Off-Ice Core Strength Training – Part 1 (Matthew Blair Davis)

Figure skating strength and conditioning expert Matthew Blair Davis beings a discussion about core training for figure skaters. Matthew explains that he wants to train figure skaters to have a stronger core when their body is vertical, because that’s how skaters need to be stronger.  He says, “I’m a huge believer that when you train core on a figure skater you want to be on your feet, because the only time a figure skater on the ice is not on their feet… you’re making mistakes.” He also explains that figure skaters need stability and the ability to stop rotation. He says, “Figure skaters are great at creating rotation, but sometimes they’re not so good at stopping rotation.”

The exercise in this video uses a TRX Rip Trainer. [A rip trainer is available online for about $150. But a poor man’s rip trainer can be built using a baseball bat or a broom and a stretch resistance band.  A “red” stretch resistance band can be purchased for about $11. Note that home-made rip trainers are not as safe as the real thing! Some strength trainers use only resistance bands to perform similar exercises.]

For the exercise, Matthew has the skater get into a split stance with the back heel up. The leg on the side with the rip trainer elastic is the one that is back.
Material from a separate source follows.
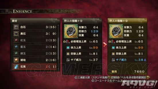 一件饰品有增加的能力值与附带技能这两种属性,增加的能力值可以增加佩戴者的力量、防御与技巧这三种能力;附带的技能涵盖的面比较广,从单纯增加力量防御这些基本属性到自动回复狂暴槽这些技能都有,满级为LV99。饰品可用石头素材进行强化,能增加石头对应的技能与属性;合成功能则是以一个饰品作为强化的对象,以其他最多四个饰品为素材进行强化,可以增加基础饰品所增加的能力值与技能,在剧情推进到一定程度之后还能选择所要继承的技能。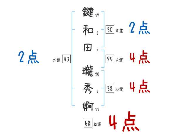 鍵和田瓏秀婀さんの画数の鑑定結果

The skater brings the stick to the side of the body and there is still tension on the cord throughout. The opposite arm starts fully extended and the other arm is bent. The skater then presses the arms out in front while maintaining core stability. The skater should breathe in while taking the rip trainer back, and out when driving it forward. The movement back is slow and controlled and the movement forward is more aggressive.

Matthew explains that the biggest mistake he sees when skaters perform this exercise is “too much turning of the hips.” The hips should remain square and stationary throughout.  He says, “Nothing happens from the middle of the body down.” This works the muscles in the abdomen and the glutes to make sure there is no extra rotation.

As an important reminder, Matthew notes that a skater should train both sides of the body equally. He doesn’t count repetitions for this exercise, but instead focuses on time. He has the skater repeat the movements for 45 seconds on one side, then 45 seconds on the other.